**Provided data**:
--
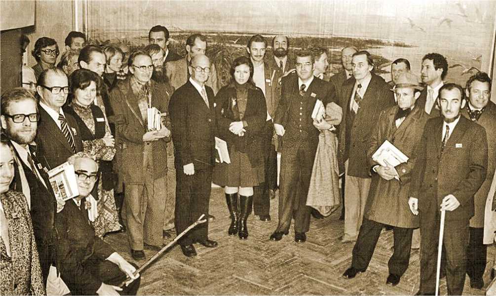 Участники и организаторы Международной орнитологической конференции в зоологическом зале Музея природы КГЗОХ им. В.В.Куйбышева. Пятая слева Н.А.Тарина, за ней директор МБИВ Джефри Мейтьюз, седьмой слева А.Тиммерман (Голландия), справа от него – сэр Питер Скотт. Первый справа Ю.В.Костин, за ним зам директора по науке КГЗОХ П.И.Шлапаков. Алушта, 1976 год
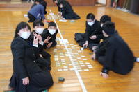 各クラスでチームを作り、トーナメント方式で百人一首の競技を行いました。みんなで協力して、楽しみながら授業に取り組みました。百人一首競技を通じて、古典に触れる楽しさを学ぶことができました。
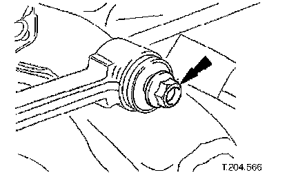 2. Remove lower wishbone rear arm eccentric bolt securing nut.
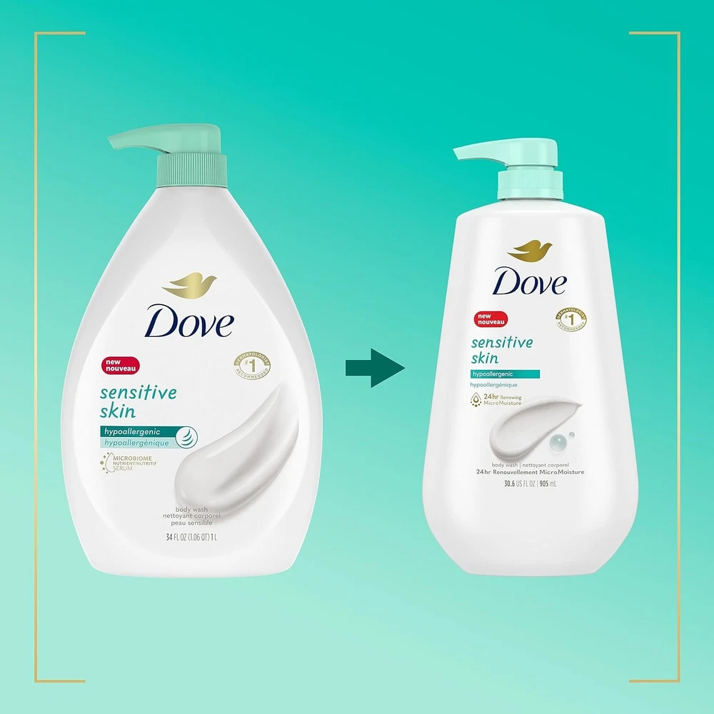 GENTLY CLEANSES: Dove Sensitive Skin Body Wash combines Moisture Renew Blend with our gentlest ingredients to pamper sensitive skin, unlike ordinary body soap or shower gel MILD AND PH-BALANCED: Dove body wash includes Moisture Renew Blend a combination of skin-natural nourishers and plant-based moisturizers that absorb deeply into the top layers of skin #1 DERMATOLOGIST RECOMMENDED BODY WASH: Dove sensitive skin pampers sensitive skin with a rich, luxurious formula, leaving your skin softer than a shower gel THOUGHTFULLY MADE: Our body wash is PETA-certified, cruelty-free and made in 100% recycled bottles, so you can feel good about switching from your everyday shower soap to Dove sulfate free body wash PLANT-BASED MOISTURIZER: With naturally derived cleansers and skin-natural nutrients, this Dove body wash is microbiome gentle, so you’ll get beautifully nourished while maintaining healthy skin CARE AS YOU CLEAN: The cleansing efficacy and skin care you need, all in one product. Dove Body Wash is also effective at cleansing hands Product Description If you have sensitive skin, you know that it needs special care and how much of a relief it is to find a body wash that does just that. Like the Dove Sensitive Skin Body Wash, a fragrance-free, hypoallergenic body wash that is dermatologist recommended and gives you instantly soft skin and lasting nourishment. Made with 100% gentle cleansers, Dove Body Wash is gentle to skin’s microbiome, its living protective layer. It creates a rich lather that moisturizes and replenishes skin while also leaving it cleansed. Dove body wash is also effective at cleansing hands. With naturally derived cleansers and skin-natural nutrients, we care about what goes into our body wash. We are committed to a landmark new initiative as part of our 2025 commitment to reduce plastic waste—reducing over 20,500 metric tons of virgin plastic annually by making the iconic beauty bar packaging plastic-free globally, launching new 100% recycled plastic bottles and trialing a new refillable deodorant format that radically reduces plastic use. As one of the largest beauty brands in the world, we are revealing an agenda-setting commitment to tackle the global beauty industry’s plastic waste issue. Brand Story By Dove
--
**Your objective**:
Across the whole listing, reproduce each line verbatim and exclude every picture.

**Completed exercise**:
 Участники и организаторы Международной орнитологической конференции в зоологическом зале Музея природы КГЗОХ им. В.В.Куйбышева. Пятая слева Н.А.Тарина, за ней директор МБИВ Джефри Мейтьюз, седьмой слева А.Тиммерман (Голландия), справа от него – сэр Питер Скотт. Первый справа Ю.В.Костин, за ним зам директора по науке КГЗОХ П.И.Шлапаков. Алушта, 1976 год
 各クラスでチームを作り、トーナメント方式で百人一首の競技を行いました。みんなで協力して、楽しみながら授業に取り組みました。百人一首競技を通じて、古典に触れる楽しさを学ぶことができました。
 2. Remove lower wishbone rear arm eccentric bolt securing nut.
 GENTLY CLEANSES: Dove Sensitive Skin Body Wash combines Moisture Renew Blend with our gentlest ingredients to pamper sensitive skin, unlike ordinary body soap or shower gel MILD AND PH-BALANCED: Dove body wash includes Moisture Renew Blend a combination of skin-natural nourishers and plant-based moisturizers that absorb deeply into the top layers of skin #1 DERMATOLOGIST RECOMMENDED BODY WASH: Dove sensitive skin pampers sensitive skin with a rich, luxurious formula, leaving your skin softer than a shower gel THOUGHTFULLY MADE: Our body wash is PETA-certified, cruelty-free and made in 100% recycled bottles, so you can feel good about switching from your everyday shower soap to Dove sulfate free body wash PLANT-BASED MOISTURIZER: With naturally derived cleansers and skin-natural nutrients, this Dove body wash is microbiome gentle, so you’ll get beautifully nourished while maintaining healthy skin CARE AS YOU CLEAN: The cleansing efficacy and skin care you need, all in one product. Dove Body Wash is also effective at cleansing hands Product Description If you have sensitive skin, you know that it needs special care and how much of a relief it is to find a body wash that does just that. Like the Dove Sensitive Skin Body Wash, a fragrance-free, hypoallergenic body wash that is dermatologist recommended and gives you instantly soft skin and lasting nourishment. Made with 100% gentle cleansers, Dove Body Wash is gentle to skin’s microbiome, its living protective layer. It creates a rich lather that moisturizes and replenishes skin while also leaving it cleansed. Dove body wash is also effective at cleansing hands. With naturally derived cleansers and skin-natural nutrients, we care about what goes into our body wash. We are committed to a landmark new initiative as part of our 2025 commitment to reduce plastic waste—reducing over 20,500 metric tons of virgin plastic annually by making the iconic beauty bar packaging plastic-free globally, launching new 100% recycled plastic bottles and trialing a new refillable deodorant format that radically reduces plastic use. As one of the largest beauty brands in the world, we are revealing an agenda-setting commitment to tackle the global beauty industry’s plastic waste issue. Brand Story By Dove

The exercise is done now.